(Provided information Opens)

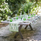 This cheerful hand block printed table runner will brighten up your table and cheer up your day. Perfect for casual everyday use as well as entertaining and gatherings with family and friends. Inside, outside, in the garden and up in the mountains, they fit in everywhere! Pair with matching tablecloths and napkins set to complete the elegant yet casual look.
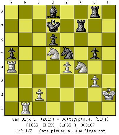 Last move : 1/2-1/2 2019 January 4 16:15:10 [Event "FICGS__CHESS__CLASS_A__000187"] [Site "FICGS"] [Date "2018.05.02"] [Round "1"] [White "van Dijk,Erik L."] [Black "Duttagupta,Aniruddha"] [Result "1/2-1/2"] [WhiteElo "2019"] [BlackElo "2101"] 1.e4 c5 2.Nf3 d6 3.d4 cxd4 4.Nxd4 Nf6 5.Nc3 a6 6.Bg5 e6 7.f4 Qb6 8.Qd3 Qxb2 9.Rb1 Qa3 10.f5 Qa5 11.Qc4 Nbd7 12.fxe6 Qxg5 13.exf7+ Ke7 14.Qe6+ Kd8 15.Qe8+ Nxe8 16.Ne6+ Ke7 17.fxe8Q+ Kxe8 18.Nxg5 Ra7 19.Nd5 Ne5 20.g3 Be7 21.Bh3 Bxh3 22.Nxh3 Bd8 23.O-O b5 24.Nhf4 Rf7 25.h4 Rg8 26.Kh2 Kd7 27.a4 bxa4 28.Rb4 a5 29.Rxa4 h6 30.Rb1 g5 31.hxg5 hxg5 1/2-1/2 Sicilian : Najdorf, 7...Qb6 Promotion Queen by player White (move 17) Kingside Castling by player White (move 23) This chess game ended in a draw. Follow this game move after move (download)When I asked Fischer why he had not played a certain move in our game, he replied: 'Well, you laughed when I wrote it down !' (Mikhail Tal) Wer sich die Fähigkeit anerziehen will im Schach selbstständig zu denken, der muß alles meiden, was leblos ist: ausgeklügelte Theorien, die sich auf sehr wenige Beispiele und eine Menge Hirngespinste stützen. (Emanuel Lasker) Los tropiezos estan todos ahí en el tablero, esperando que se cometan. (Savielly Tartakover) J'ai vu le vaincu d'Echecs jouer des années durant dans l'espoir de la fête de la victoire. Car tu es plus riche de ce qu'elle existe si même elle n'est point pour toi. Ainsi de la perle du fond des mers. (Antoine de Saint-Exupéry) The real danger is not that computers will begin to think like men, but that men will begin to think like computers. (Sydney J. Harris)
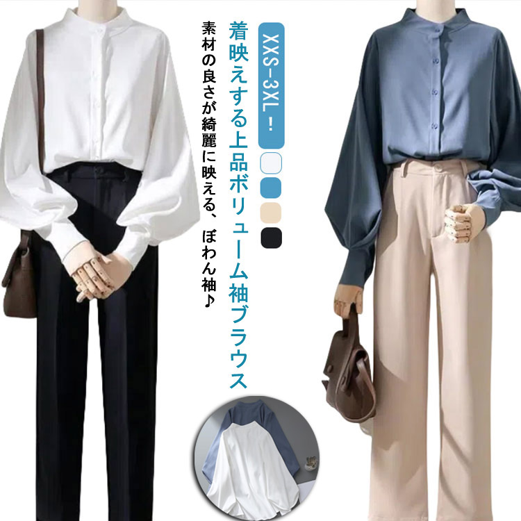 バルーン袖 レディース 長袖 きれいめ レディースファッション 続々登場 ブルー ホワイト ベージュ ブラック XXS XS S M L XL 2XL 3XL
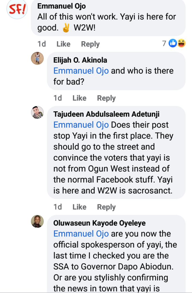 Reacting to one of such campaigns, Emmanuel Ojo the Senior Special Adviser to Governor Abiodun on Social Media declared “All of this won’t work. Yayi is here for good. W2W”.
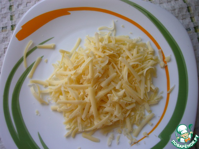 Посыпать куски тертым сыром. Рядом столовой ложкой выложить остатки сыра, из них получатся прекрасные сырные чипсы, которыми можно будет украсить порции поленты.
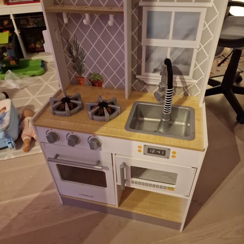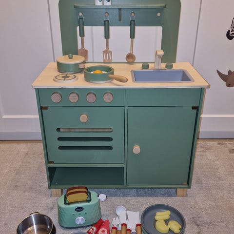 Følger med kjele, stekepanne, tallerkner, kopper, s&p-bøsser, bestikk og kjøkkenredskaper. «Ovn» på ene siden, «oppvaskmaskin» på andre. Lager freselyd på knappen på toppen.
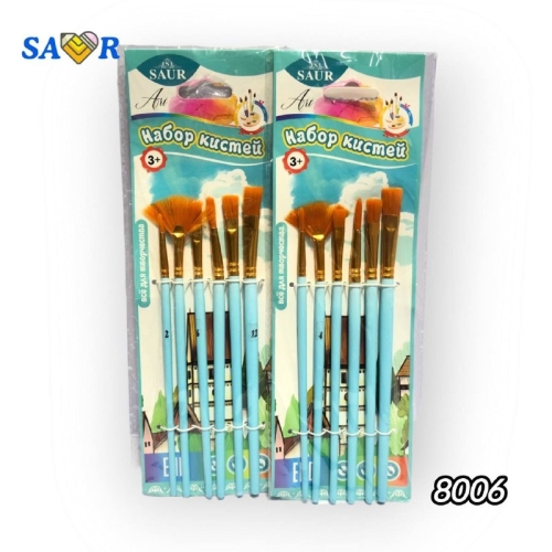 №8006 Кисточка для рисования, 6 шт арт.8006 Набор кисточек для рисования из качественного материала. Подходят для акварели, гуаши и других красок. Удобные в использовании, идеально подходят для школьных и творческих занятий.

(Provided information Closes)

* [What you will do]: Leaving out the pictures, return exactly the lines from the one that contains "knappen på toppen." through the last line of the records above, inclusive.

* [Task solution]:
 Følger med kjele, stekepanne, tallerkner, kopper, s&p-bøsser, bestikk og kjøkkenredskaper. «Ovn» på ene siden, «oppvaskmaskin» på andre. Lager freselyd på knappen på toppen.
 №8006 Кисточка для рисования, 6 шт арт.8006 Набор кисточек для рисования из качественного материала. Подходят для акварели, гуаши и других красок. Удобные в использовании, идеально подходят для школьных и творческих занятий.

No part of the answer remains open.